Week #3

Week #3 #

Developing the first prototype, creating the priority list #

  • Technical Infrastructure:

As our team got comfortable with the code of the project, we understood that machine learning models took too long to train on our personal computers. As such, we will be using the YandexCloud computing capabilities to save time and our laptops. Additionally, it has a service called Yandex Tracker, which helps us distribute tasks in the team. The rest of the project doesn’t require any special infrastructure, except for possibly opening a website on its own server once its time to present our work.

  • Backend Development:

As per the last weeks goals, our focus was getting the basic model pipeline running. In order to get first results quicker, we decided to use Streamlit. In the end, we completed most of the pipeline, which includes: image captioning, image segmentation, prompt writer and diffusion model. The only model left to implement is the background labels predictor, which is mostly an additional feature and not required for the prototype to function properly.

  • Frontend Development:

Developed the first iteration of the website with the basic features, such as accepting requests, sending requests to the backend and displaying the results.

  • Data Management:

As we had a dataset available from our customers, we expanded and applied preprocessing to it to get more efficient model training.
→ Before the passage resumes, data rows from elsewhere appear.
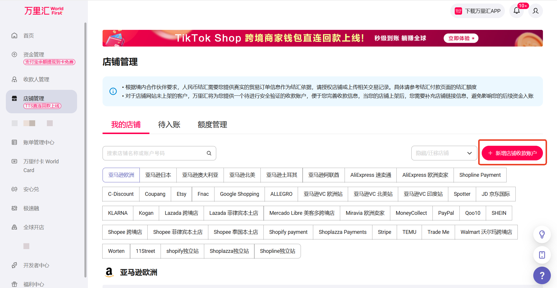点击【店铺管理】选择右侧【新增店铺收款账户】
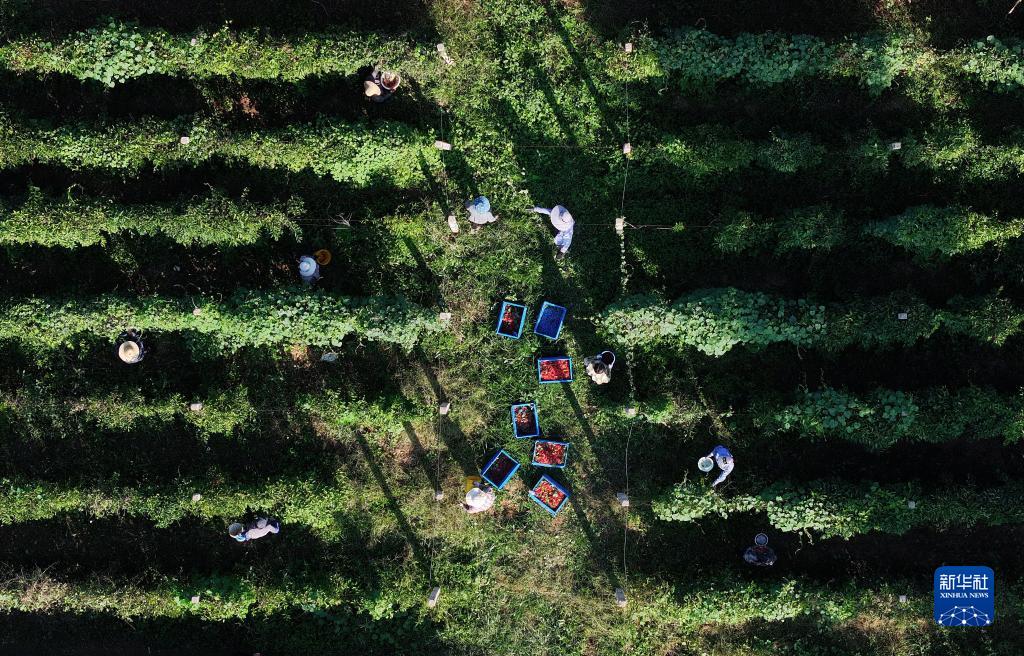9月18日,唐山市豐潤區火石營(yíng)鎮東高莊村的農民采摘五味子(無(wú)人機照片)。
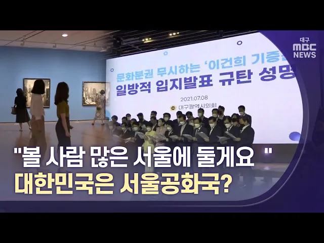 ◀앵커▶정부가 이건희 미술관을 서울에 짓겠다고 발표하자 유치 경쟁에 뛰어든 많은 자치단체가 반발하고 나섰습니다.수천억 원의 건립비용까지 부담하겠다며 적극 유치에 나섰던 대구에서도 각계 각층에서 비판의 목소리를 쏟아냈습니다.권윤수 기자가 보도합니다.◀기자▶ 문화체육관광부는 어제 이건희 미술관을 서울에 지...
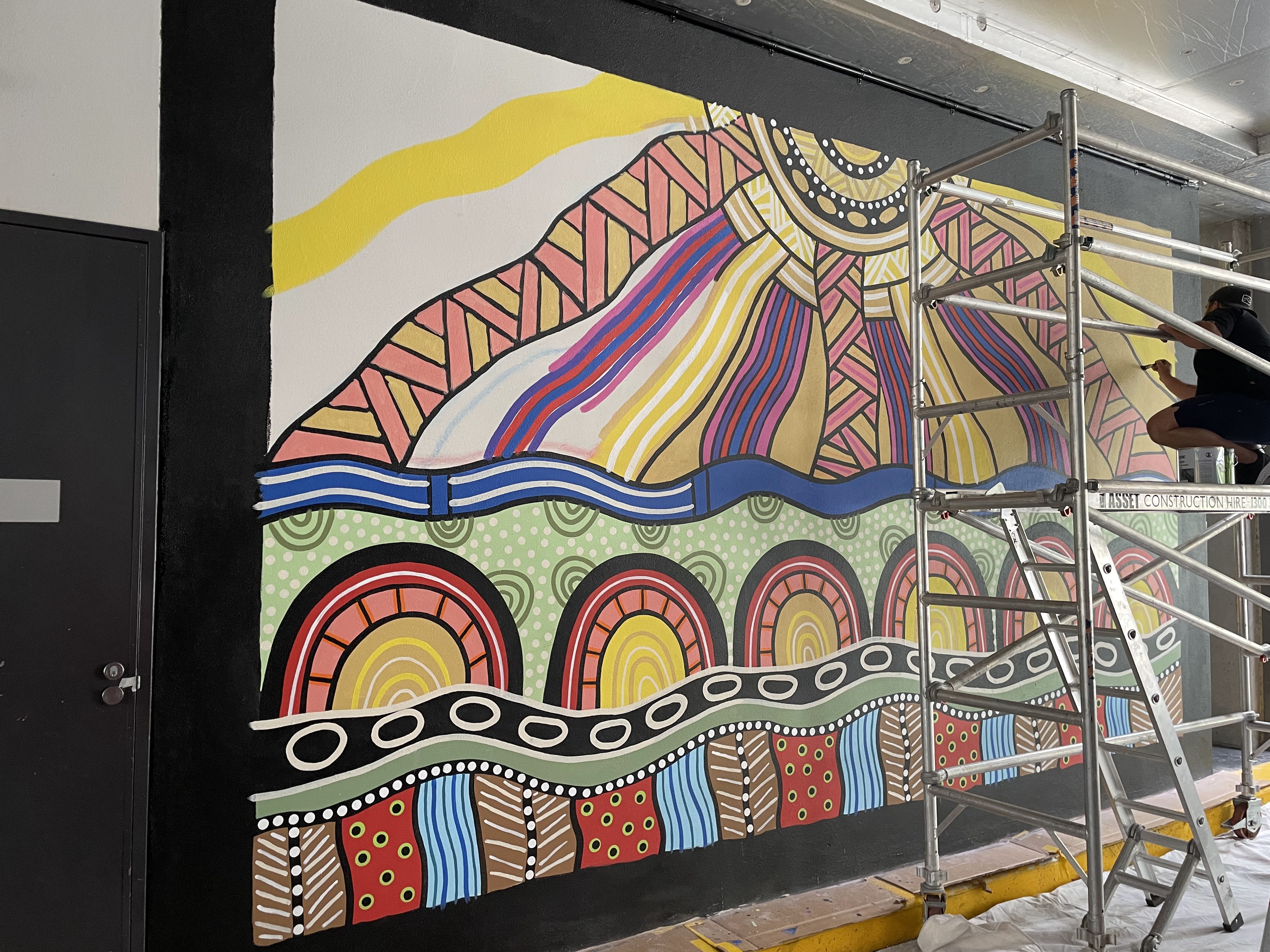 There was the Surface Festival in Canberra that the company I work for was a major sponsor of and we headed down on Thursday to give away merchandise and speak to the artists. There was a short talk on Saturday in the afternoon to a small band of curious artists who wanted to know a little more about the Resene brand. We had a small team from Melbourne and Sydney with one of the Sydney team getting stuck in floods in Northern New South Wales which have been badly flooded. None of us knew our way around Canberra very well and it wasn’t until our last night there that we had a better understanding of the place. It was quite an interesting event with major walls being painted with exciting murals. It seems most of the art was centred around the newly developed area of Braddon with its blank apartment walls becoming centrepieces. There are many hip bars and places to eat in Braddon that attract a lot of people looking for a night out on the town. This attractive part of Canberra with its blank walls brought in young and old drinking, tagging, eating and some of the most graffitied walls have been taken over by some of the biggest names in graffiti from the capital of Australia. Other walls are entertaining stencils, indigenous art and big-name street artists up and coming and established. There was a little bit of downtime and I went to the National Gallery and saw a lot of Indigenous artwork old and new. There was a major Australian artist show on but I got caught up in the main collection and was happy to take in all of the collection I could. The artist who had the major show has had a few major shows over the decades and I have seen some in the past. What I enjoy about Indigenous art is the world of spirits that dwell in this country being depicted as most Europeans don’t have any interest in these types of things being anything other than superstition.
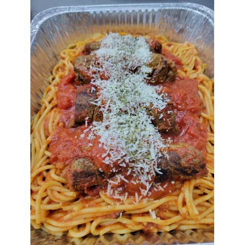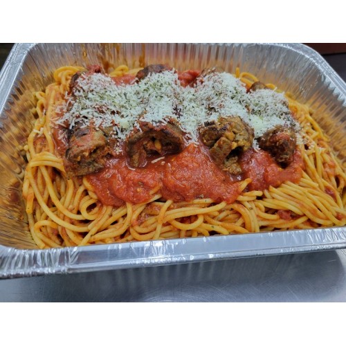 4 Sliced beef rolls filled with prosciutto, garlic, pecorino romano, breadcrumbs, pine nuts, and herbs, braised in a flavorful tomato sauce and served with spaghetti pasta
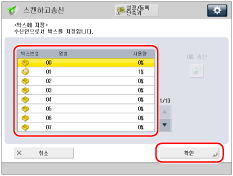 지정된 스캔 크기(사용자설정 크기, 긴 원고 또는 임의 크기)를 사용하여 스캔한 문서는 박스에 저장할 수 없습니다. 현재 기본 설정을 사용하여 박스에 저장된 문서는 3일 후에 자동으로 삭제됩니다. [박스 설정/등록]에서 이 설정을 변경할 수 있습니다. ("박스 설정" 참고) |
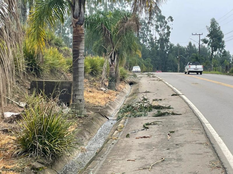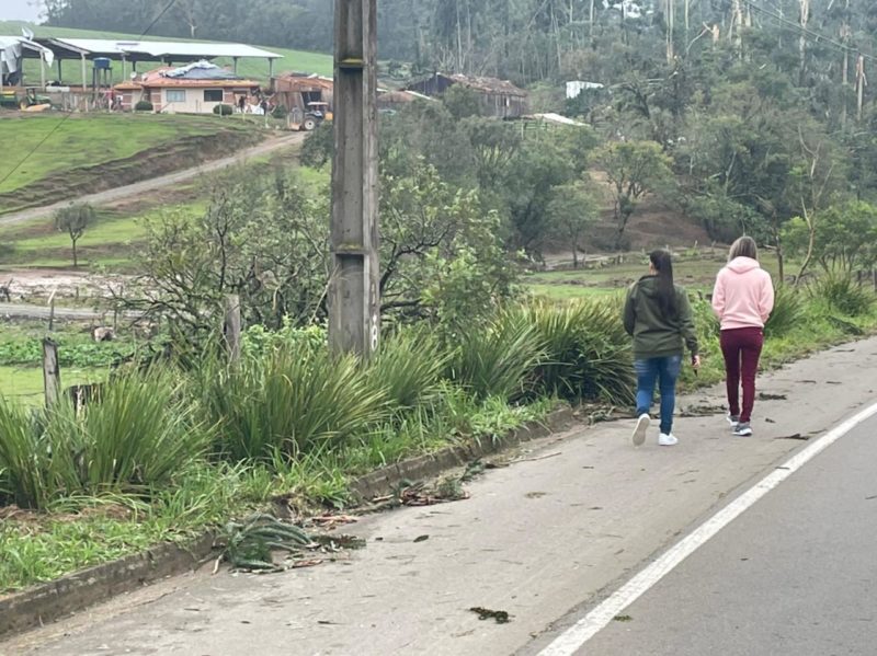 No começo da manhã desta segunda-feira a Prefeita Alice Bayerl Grosskopf, o Vice-prefeito Matheus Fuckner e equipes da Prefeitura estavam em campo nas localidades mais afetadas que foram Bateias de Baixo, Bateias de Cima e Saltinho visitando as famílias e colaborando com a retirada de galhos, árvores e outros materiais.
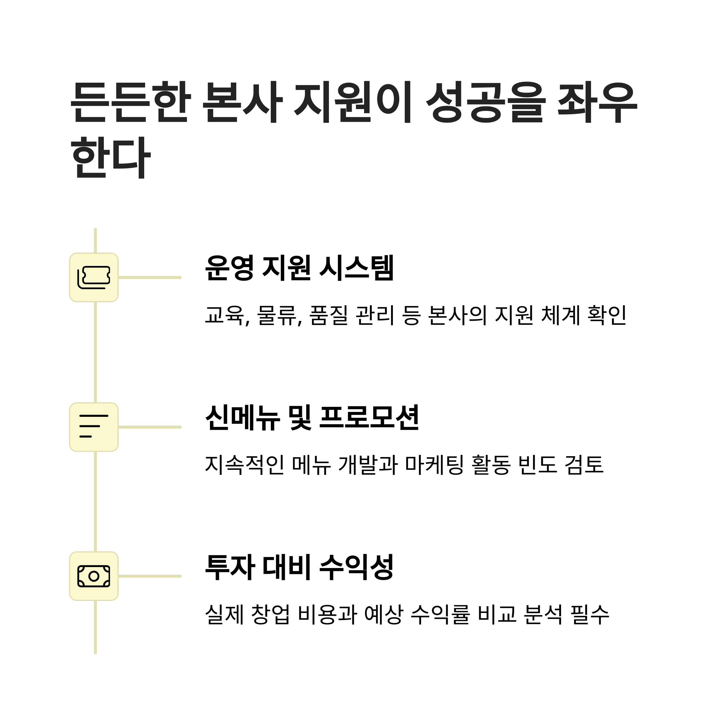 본사의 운영 지원 시스템과 사후 관리는 창업 초기 안정적인 운영에 필수적인 요소입니다.
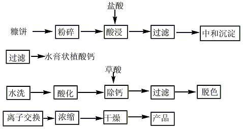 制备路径9/strong> (1)广泛存在于自然界,但几乎不以单独的游离态存在。一般都以钙、镁或钾的复?矶醇六磷酸钙?和蛋白质的络合物形态广泛存在于植物中,戊其常存在于种子、谷物、胚芽、米糠中。该品制法的文献报道很多。以米糠或麦麸为原料,经稀酸浸泡后过滤,用石灰和氢氧化钠中和、沉淀,再用离子交换树脂进行酸化交换、减压浓缩、脱色和过滤,得成品。另外也可通过环已六醇与无机磷酸化学合成,或以植酸钙镁为原料采用脱除金属离子的方法。还可从玉米活性污泥中萃取、br /> (2)?0?0℃下将碎米糠浸泡在Ph值为2的稀盐酸??h,过滤后滤渣再浸?h,并过滤弃渣;合?次滤液,静置l0h,吸取上清液;将适量的Ca(OH)2和Mg(OH)2加入清液中,并用NaOH溶液调Ph值从3.4?.0,搅?5min后静?~3h;弃上清液,过滤,滤渣依次用Ph值为7.5的碱水溶液和蒸馏水洗涤,得植酸钙镁盐,收率为95%?8%、br />将植酸钙镁盐溶解于Ph值为3的盐酸稀溶液中,?5℃下浸泡搅拌l h,维持Ph?.5?.5,使植酸钙镁盐溶解,析出蛋白质。加入上清液?%的硅藻土,搅拌静置抽滤去除蛋白质等沉淀物;滤液依次通过强酸性阳离子交换树脂和强碱性阴离子交换树脂,得植酸稀溶液;在75℃下减压浓缩至含?5%?5%为止、br />将上述植酸溶液投入到多元醇溶?乙二醇、丙二醇或甘油等)中,?30?50℃下加热回流水解3?h,水解液在I00℃?0℃下调节Ph??,然后保温搅拌l h,静置过滤,滤液加热?35℃脱水,之后加入3倍量的无水乙醇,静置即析出结晶产品、/p>

As for the database that stores the clients and their history, we plan to implement it in future weeks.

  • Prototype Testing:

The prototype was collectively tested by us on a number of subjects, which showed us the areas that needed attention, mainly the prompt generation and glitches.

Examples of different generation results
A great generation Generation with artifacts Generation with too many objects in prompt

Prototype

Weekly Progress Report: #

Challenges & Solutions #

  • Yandex GPT prompts being hard to work with.
    Solution: lots of experiments and general reading in the topic of prompts.

  • Too many artifacts.
    Solution: writing negative prompts for Stable Diffusion.

  • UI breaking in different screen resolutions.
    Solution: reading about the solutions and asking other developers both in the team and from the Leroy Merlen.

  • Difficulties in parsing data due to the security measures of the Leroy Merlin website.
    Solution: a script was written to transfer the necessary cookies (taking them from the browser) and parsing using BeautifulSoup

Conclusions & Next Steps #

Our team implemented the backend and frontend, assembled a pipeline of models and prepared the dataset for further training. With all of this in mind, our next steps are:

  • development of background labels predictor architecture, and its training;
  • connection of frontend and backend;
  • improve the promts;
  • adding new features like style selection and the number of generated images.